→ Your goal: The answer is the first line of the listing and every line after it through the one containing "위치: 울산 울주군 온양읍", exact, with pictures removed.

→ Provided data:

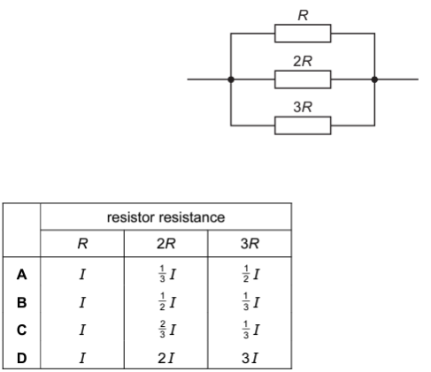 Using I to represent the current through the resistor of resistance R, which row represents the relationships between the currents through the resistors?
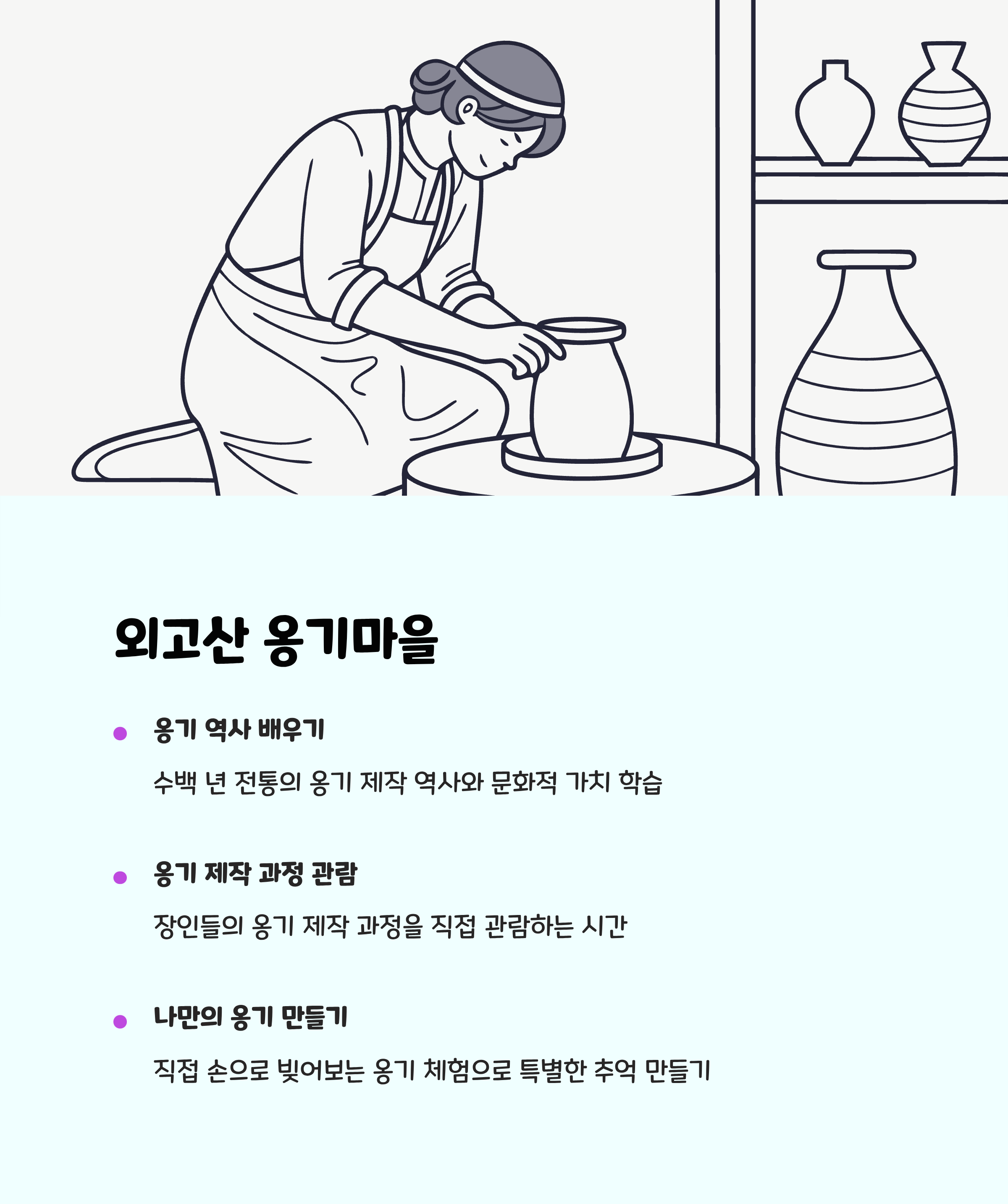 위치: 울산 울주군 온양읍 외고산3길 36특징: 울산 울주군 온양읍에 위치한 외고산 옹기마을은 전통 옹기 제작과 옛 김치 보관법 등 한국 고유의 생활 문화를 체험할 수 있는 장소입니다. 흙 반죽과 손으로 만드는 공예 체험이 가능하며, 아이들이 전통 공예와 역사에 쉽게 접근할 수 있도록 다양한 체험 프로그램이 운영됩니다. 마을 주변 풍경도 아름다워 가족 나들이 장소로 적합합니다.추천 이유: 전통 문화 체험과 창의력 증진을 동시에 할 수 있는 공간으로 아이들의 문화적 소양을 키우기에 좋습니다. 가족이 함께 참여하며 즐길 수 있는 교육적이고 뜻깊은 체험장입니다.
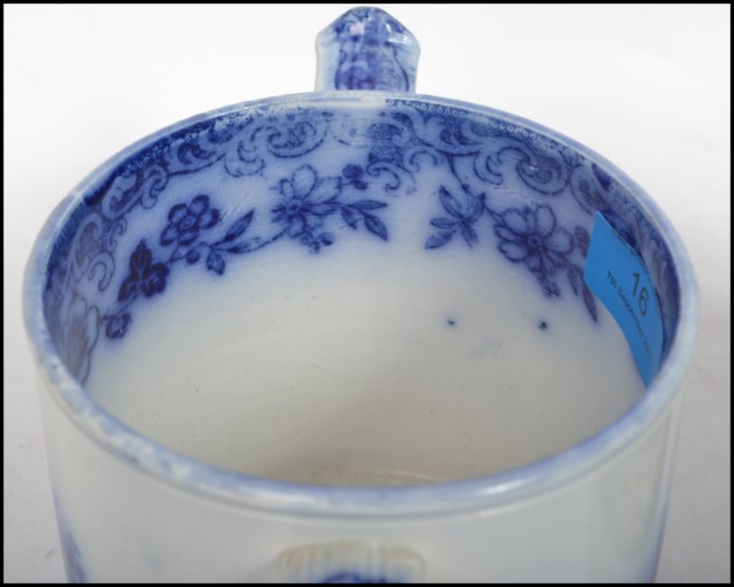 A pair of 19th century Staffordshire blue and white twin handled loving cups, each with country scenes being marked to the bases. Measurements: 11 cm high, 19 cm wide and 12 cm deep.

→ Task answer:
 Using I to represent the current through the resistor of resistance R, which row represents the relationships between the currents through the resistors?
 위치: 울산 울주군 온양읍 외고산3길 36특징: 울산 울주군 온양읍에 위치한 외고산 옹기마을은 전통 옹기 제작과 옛 김치 보관법 등 한국 고유의 생활 문화를 체험할 수 있는 장소입니다. 흙 반죽과 손으로 만드는 공예 체험이 가능하며, 아이들이 전통 공예와 역사에 쉽게 접근할 수 있도록 다양한 체험 프로그램이 운영됩니다. 마을 주변 풍경도 아름다워 가족 나들이 장소로 적합합니다.추천 이유: 전통 문화 체험과 창의력 증진을 동시에 할 수 있는 공간으로 아이들의 문화적 소양을 키우기에 좋습니다. 가족이 함께 참여하며 즐길 수 있는 교육적이고 뜻깊은 체험장입니다.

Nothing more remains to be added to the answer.